Team Member LinkedIn Profiles

https://www.linkedin.com/in/marcus-pousette-06092b102/

https://www.linkedin.com/in/allberg/

Team Website

https://dao.xyz/

Relevant Experience

We have separately spent years working in scalable data applications, compiler technology, search engine technologies, web3 and the IPFS stack, including implemeneting scaleable applications to mass-market.

Team code repositories

Peerbit: https://github.com/dao-xyz/peerbit

Other related repositories: https://github.com/dao-xyz

Additional Information

How did you learn about the Open Grants Program? Heard about it at the IPFS Camp in Lisbon.

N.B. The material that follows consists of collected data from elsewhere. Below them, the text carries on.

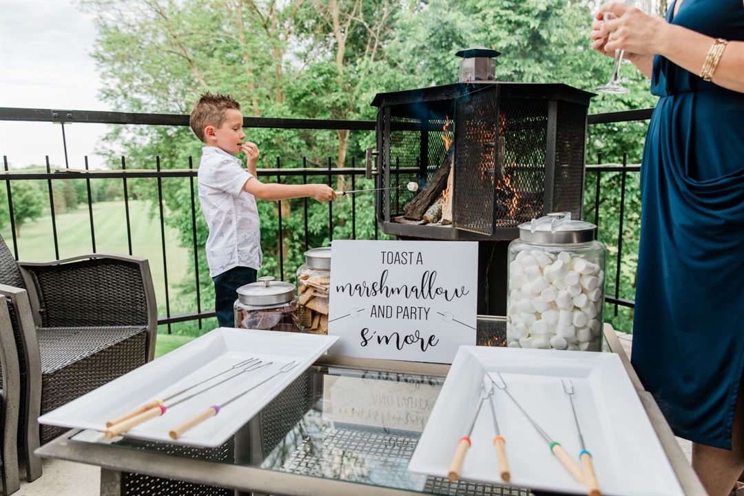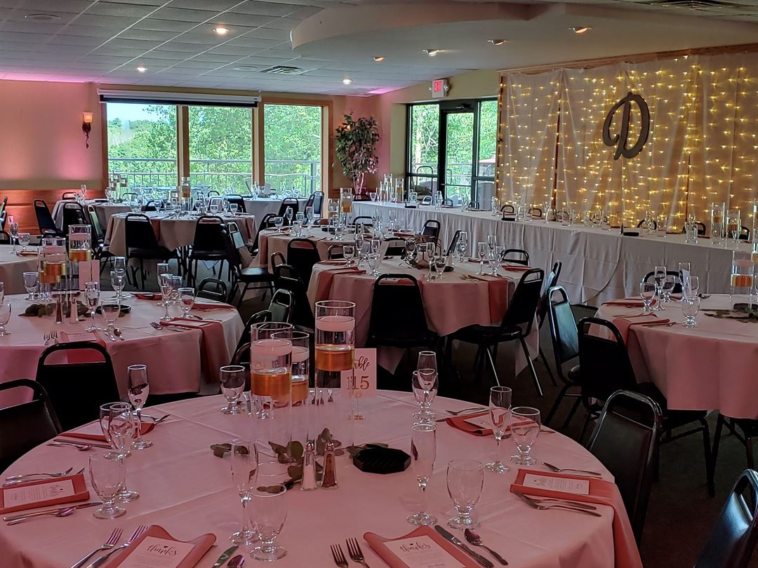 The private space accommodates up to 220 people. The room features a large full-service bar, stone fireplace, panoramic views of the golf course, a spacious dance floor, a large covered patio with inviting lounge furniture and fire-pit, and a second deck off the bar. Host your ceremony on our 1st or 10th tee box and let the golf course create a beautiful backdrop!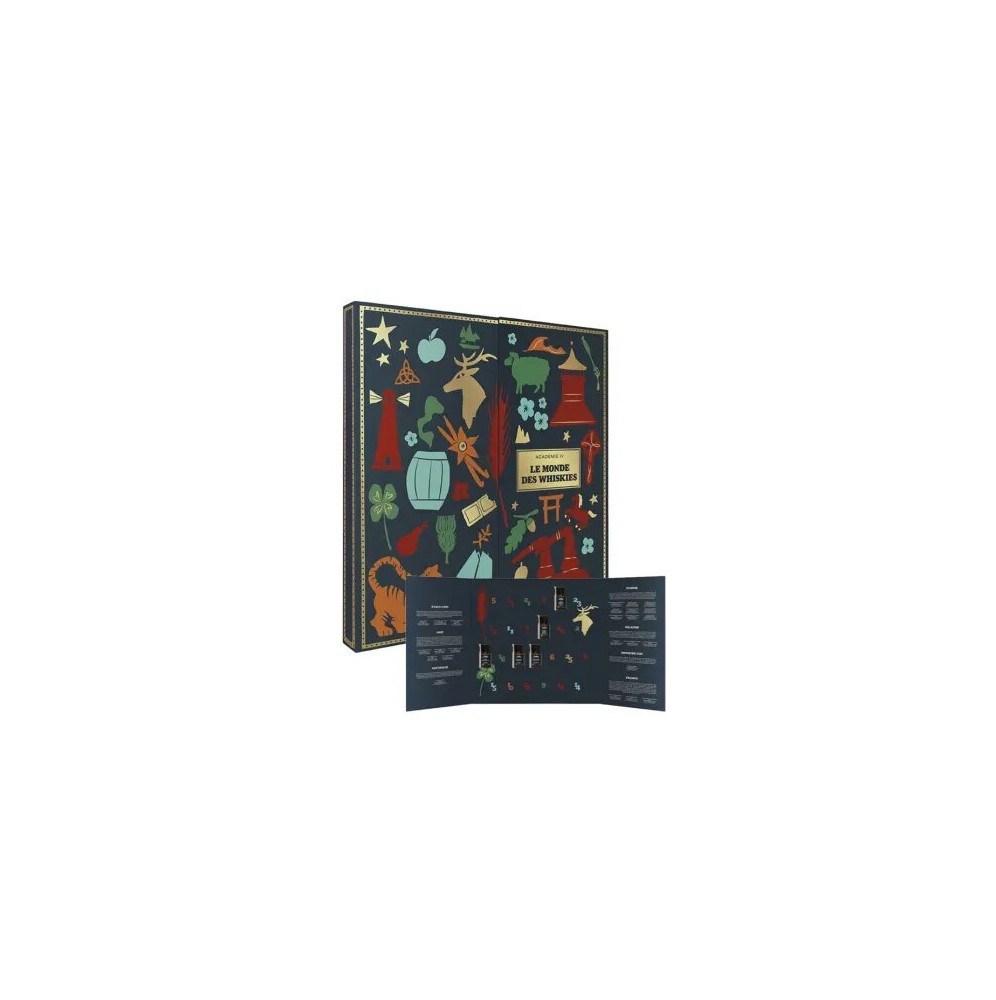 Invitation au voyage, ce coffret réunit 25 références en provenance d’Écosse, d’Irlande, des États-Unis et du Japon, mais aussi de France, du Pays de Galles, d’Inde, de Taïwan ou encore d’Australie. Élaborés selon des techniques et à partir de céréales variées, ces whiskies mettent en lumière la pluralité des terroirs et des styles de production à travers le monde. La sélection rassemble des marques emblématiques comme The Dalmore ou Nikka Whisky, et des distilleries plus confidentielles et des producteurs de référence tels que Arran, Willett ou encore Armorik. Chaque dégustation (fioles de 2 cl) est accompagnée d’une masterclass en ligne, accessible via un QR code, pour un voyage guidé.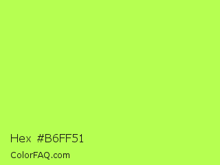 Hex #b6ff51 Color is a light green color and the nearest color is Inchworm #b2ec5d. Hex code #b6ff51 and RGB value is rgb(182,255,81). In RGB color space, this color is composed of 71% red, 100% green, 32% blue, In CMYK color space, this color is composed of 29% cyan, 0% magenta, 68% yellow , 0% black , In HSL color space, this color has a hue angle of 85° , 100% saturation and 66% lightness.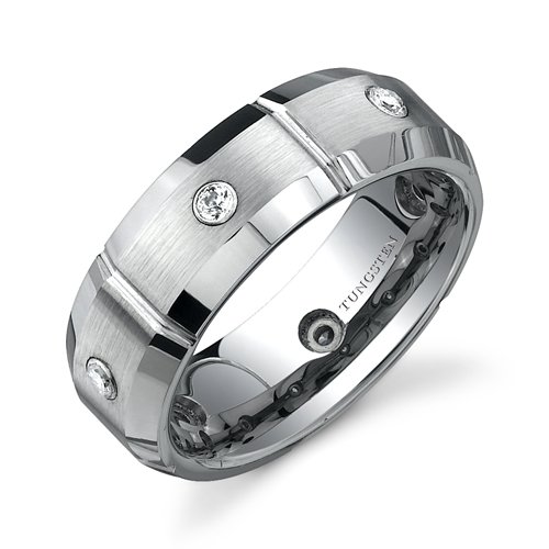 Revoni Tour de Force - Bague alliance en Tungstène brossé sertie d'Oxyde de Zirconium - Inspiration à bords biseautés pour homme - Larg. 7 mm - Taille 66
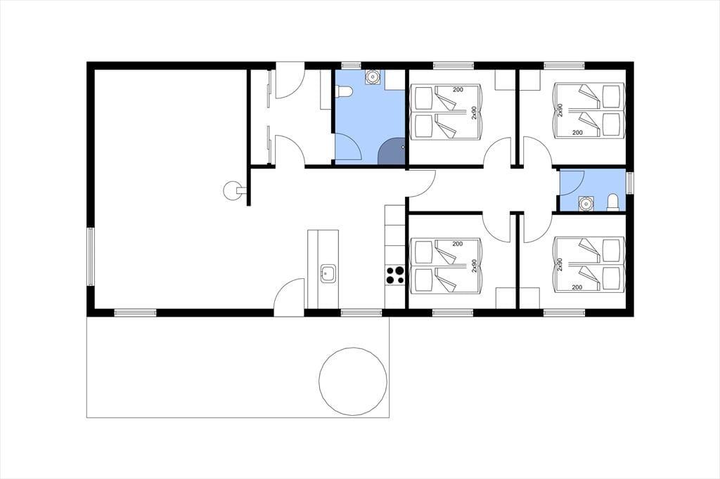 Indendørs venter dig en indretning, der både er moderne, stilren og utrolig imødekommende. Det åbne opholdsrum med køkken og stue i ét inviterer til samvær og nærvær, uanset om du laver mad, spiller spil eller bare lader roen falde over dig i sofaen. De store vinduer sørger for et skønt lysindfald, og med de lyse materialer og moderne møbler føles huset både rummeligt og rart at opholde sig i – også på de dage, hvor vinden rusker udenfor. Der er tænkt på detaljerne, og man mærker tydeligt, at funktionalitet og æstetik går hånd i hånd her. Huset har plads til både familie og venner, og da det er tilladt at medbringe hund, behøver familiens firbenede medlem heller ikke blive hjemme. Her er der plads til alle.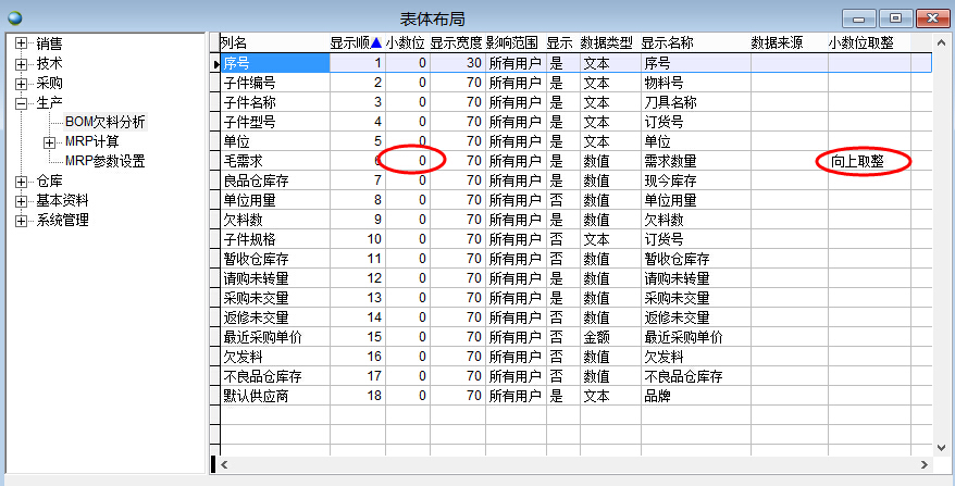 如下圖所示,在進(jìn)行BOM欠料分析時(shí),需求數(shù)量會(huì)存在小數(shù)位,但我們需要向上取整,如實(shí)際需求數(shù)量為1.1時(shí),應(yīng)該取整變成2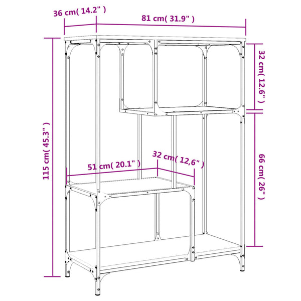 Sonoma tammi kirjahylly 81x36x115cm puinen ja teräs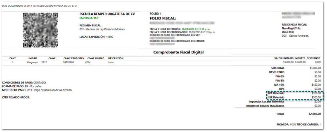 Anteriormente, al visualizar la Representación Gráfica de los documentos XML, los importes de IVA e ISR Retenidos se mostraban en cero, aun cuando si estaban incluidos en el documento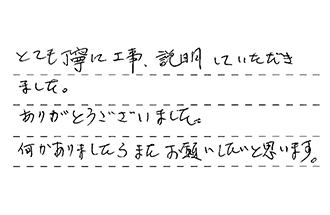 とても丁寧に工事、説明していただきました。ありがとうございました。何かありましたら、またお願いしたと思います。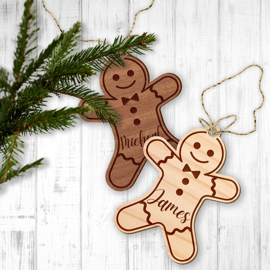 Personalised Ginger Bread Man - Wooden Ornament, Tree Decoration, Xmas Keepsake Memento, Cute Christmas Baubal, Wooden Christmas Bauble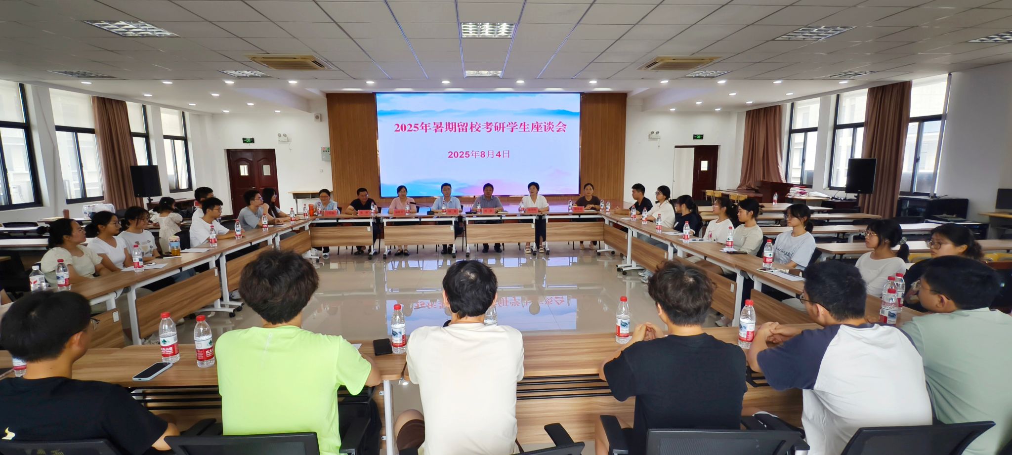 讨论交流环节,针对同学们提出的考研择校和专业复习等问题,与会领导与教师一一进行了解答。并要求同学们暑期在校要注意用水用电安全,谨防电信诈骗。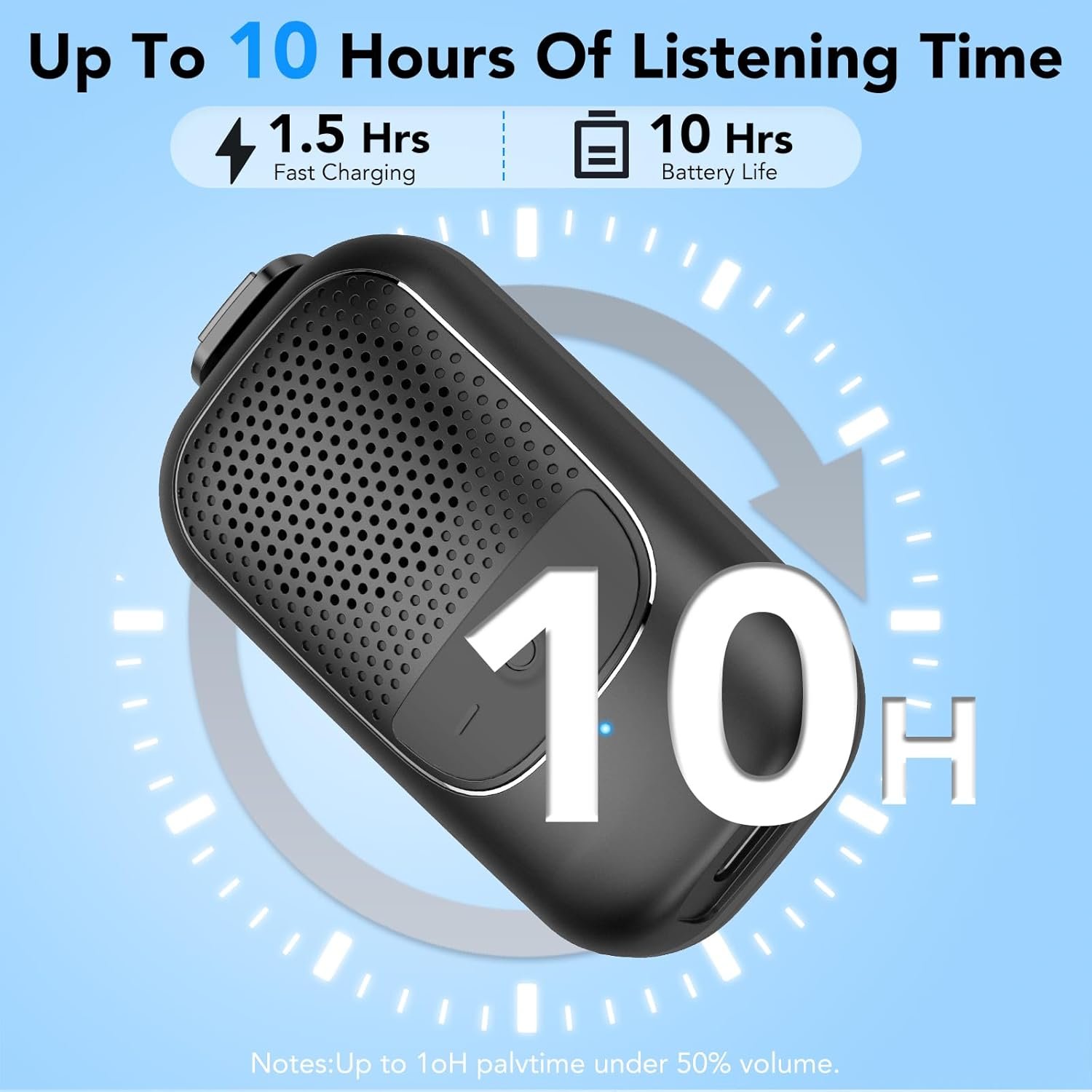 LONG-LASTING BATTERY FOR UNINTERRUPTED MUSIC: The Wearable Speaker boasts a 600mAh battery with Type-C fast-charging, Speakers Wireless Bluetooth Charge for 2 hours, use for 10 hours . As a reliable bluetooth speaker wireless, it’s perfect for morning wake-up melodies to evening tunes. Enjoy uninterrupted music from dawn to dusk with this portable speakers wireless bluetooth.

Please provide the best email address for discussing the grant agreement and general next steps. marcus@dao.xyz

For Quiet (https://tryquiet.org) we need an IPFS-based CRDTs that supports deletion and multi-party encryption, and sharding by device capability is a really cool benefit too.

There's a huge amount of subtle details here so I'm not sure if we'll use Peerbit, but as a team building user-facing apps on IPFS I think Peerbit is exactly the type of thing that should be funded.

If the reviewers want additional understanding of the project: I took part of the Braid.org meeting group yesterday and help a presentation about what Peerbit is now and what some of the goals are

See from time 1:05:30 https://braid.org/meeting-49

Are clusters formed around application boundaries, or is it one global storage space? Or something else?

Chain-agnostic, multi-device and support any auth often looks like shifting that work to consumers up front, making barrier to adoption higher. What are you thinking the configuration of these will look like? Will you ship with some examples for common authentication approaches, and how to do these other things?

What deployment environments are supported out of the box? Is this for web apps or something else? Language agnostic API? You mention WASM, but is not clear where/how it fits in. Does app developer run a persistent service somewhere, or publishes to an emergent swarm of transient clients?

Are clusters formed around application boundaries, or is it one global storage space? Or something else?

Clusters are formed either around application boundaries or one global storage space, depending on how you configure your nodes, access controllers and encryption. The communication between peers is done through pubsub topics. If you want a private network for a single application you would explicitly configure libp2p for that and setup you application to talk for a specific pubsub topic.

If you want a global application/state space, you could use some global bootstrapping nodes and a predefined pubsub topic like "world_1" "world_2" which every app use and communicates through, though this might not be as performant and ideal for high performance applications

Chain-agnostic, multi-device and support any auth often looks like shifting that work to consumers up front, making barrier to adoption higher. What are you thinking the configuration of these will look like? Will you ship with some examples for common authentication approaches, and how to do these other things?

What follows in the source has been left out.